Can an object change direction without slowing down and making a complete stop Is it theoretically possible for an object or particle to change to the opposite direction without making a complete stop first?
Lets say I have a fictional hammer swing setup like this: 

I fire an electron to the hammer and the hammer smashes it back, is it possible for the electron (or any other particle or body) to change direction without slowing down and making a complete stop? If not, which law defines that?
Note: the question isn't about the hammer part but that was just the first thing that came up in my mind.
 A: No, it's not possible. An instantaneous velocity change implies an infinite acceleration. An infinite acceleration would require an infinite force. 
(Some of the comments point out that you can do a U-turn, in which case the velocity is reversed without ever being zero, but I think you are asking about straight line motion.)

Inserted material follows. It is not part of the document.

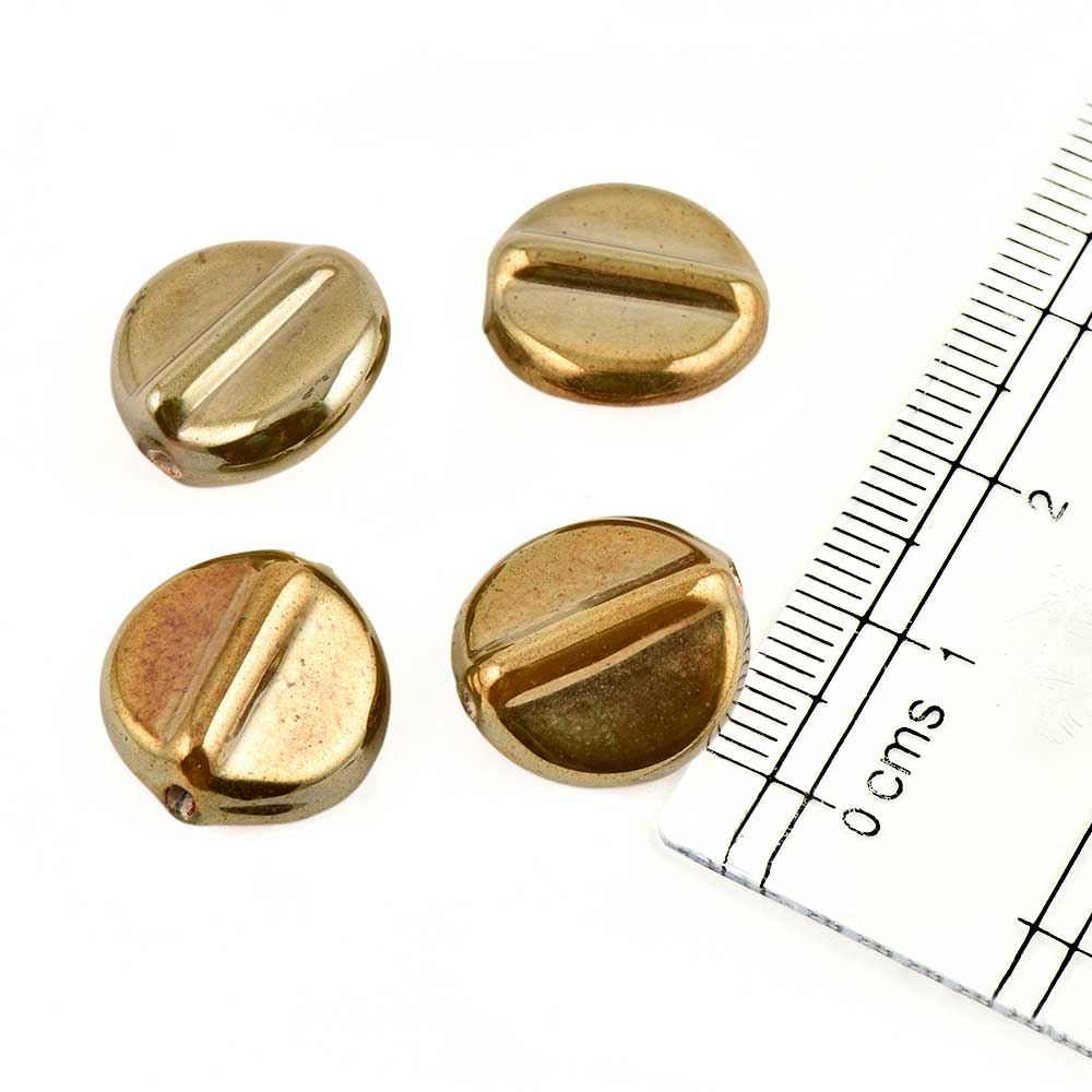 Golden Green Round Glass Beads For Jewelry Making And Home Decoration (Pack Of 12)

A: You have to consider that velocity is a vector - magnitude and direction.  If the particle has a specific velocity and you want it to change to the negative (same magnitude, exact opposite direction) then it has to stop completely in the original direction of motion.  It can follow a curved path and never stop moving, but the velocity in the original direction of motion will have to come to zero before it starts moving back in the opposite direction.  
If it is moving in the X direction originally with velocity Vx, then it can curve through the Y (or Z) direction with velocity Vy or Vz, and never stop, but at the instant when it is traveling at right angles to the original X direction, then Vx is zero.  It's stopped in that direction.  
As for the bug on the windshield, all parts of the bug have to come to a stop before reversing direction.  They just don't all stop at the same time - which is why windshields are bad for bugs.   
A: Consider a theoretical crankshaft, con rod and piston: the crank rotates continuously and transfers rotational motion into linear motion via the con rod to the piston. Given that the crank is in continual motion how can the piston be motionless at the top and bottom of the 'stroke'?
Another means of imagining the concept of a reversal of direction without stopping is to visualise a point of light revolving around a circle as viewed from above. Now visualise that circle from the side: the point of light will be seen to travel from left to right and back again. Does it stop at each extremity?
A: I think I understand your question, where the particle is in linear motion and whether or not it can instantaneously change direction without deceleration/acceleration? I don't know the proper answer myself and can only assume that the material would have to have absolutely zero elasticity or give in the material.
The only other option I can think of is a wormhole in the path of the particle where the other end is in the same position of the $x-$axis but directs the particle to come out at the same speed but in the opposite direction. This would give a perfectly vertical line from positive velocity the same negative velocity on a velocity vs time graph.